La industria, además, ha cambiado su cadena de fabricación: diseña con programas escritos por otros, que trabajan lejos de quien fabrica; usa realidad virtual para hacer los costosos prototipos de antaño; la logística de proveedores y clientes se ejecuta telemáticamente; la vieja factoría reduce su superficie con la robotización avanzada… Lo digital hace que lo industrial se haga terciario.
En las relaciones cotidianas desaparece la intermediación, y con ella centenares de miles de puestos de trabajo. El autoservicio es una fuerza imparable que nació con el supermercado y la gasolinera, siguió con el comercio electrónico y ahora se sitúa directamente contra el empleo al difuminarse los papeles de productor y consumidor de la ingenuamente celebrada economía colaborativa. Los empleos se liman (el usuario releva a taxistas, hoteleros o agentes inmobiliarios y hasta quiere fabricar objetos en casa con impresoras 3D). Nada de todo esto ocurrió porque sí. Al preguntarse, ¿tendrán empleo quienes hagan Apps para Apple, conduzcan para Uber, sean hoteleros Airbnb, etcétera? Decidieron que sí. En España, esta desintermediación se practica a lomos de la economía sumergida, propia del desempleado desesperado, y de la autosatisfacción de un usuario, cada vez más ocupado y menos empleado.

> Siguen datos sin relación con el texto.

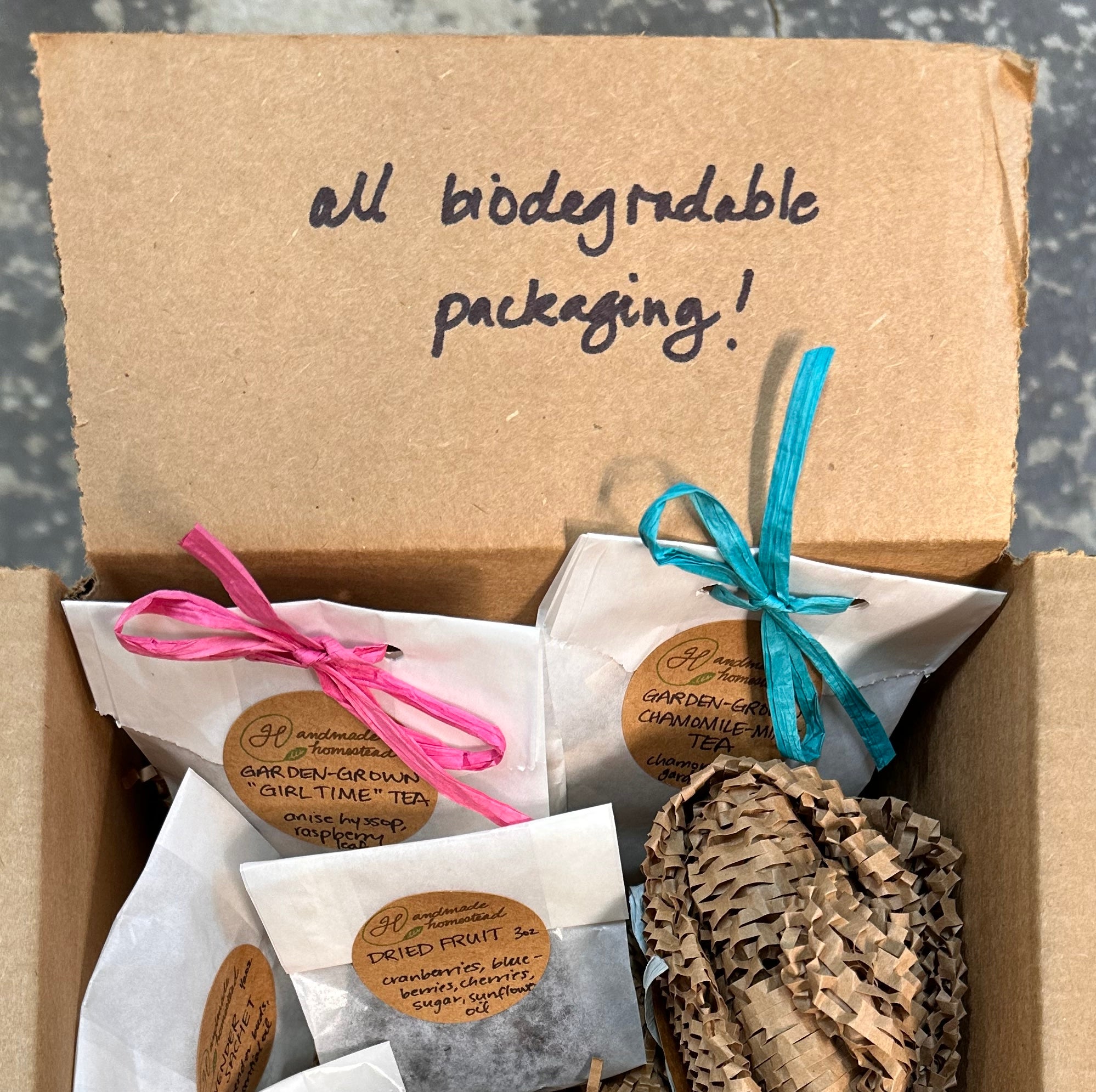 All packaged in 100% biodegradable, compostable, plastic-free packaging.

Participar, sin más, en una carrera tecnológica con Estados Unidos no es lo más inteligente, entre otras razones porque las condiciones de partida de España son muy distintas. De entrada, los empleos en los que se ocupa la clase media española están muy afectados por la crisis económica. La única fortaleza reside en los servicios a la persona. La solución, se dice, está en la educación; pero a corto y medio plazo poco va a ayudar a los seis millones de parados. Si se elabora una relación de empleos que: a) existan o puedan existir en breve. No los que podrían darse si hubiéramos actuado de otra manera en el pasado; b) que se ofrezcan en suelo español. No en California ni en China ni siquiera en Alemania, y c) que estén sin ocupar a causa de la supuesta falta de formación de los millones de personas no empleadas o subempleadas que tenemos. La solución educativa ocupa al menos el tiempo de una generación para dar resultados y no resuelve el nuevo orden.
A lo lejos se vislumbra la alternativa siempre polémica de repartir el trabajo. Una posibilidad que supera a la tecnología y que abre un arduo debate político. Mientras tanto, las élites deben entender el nuevo orden que ya se ha instalado con lo digital.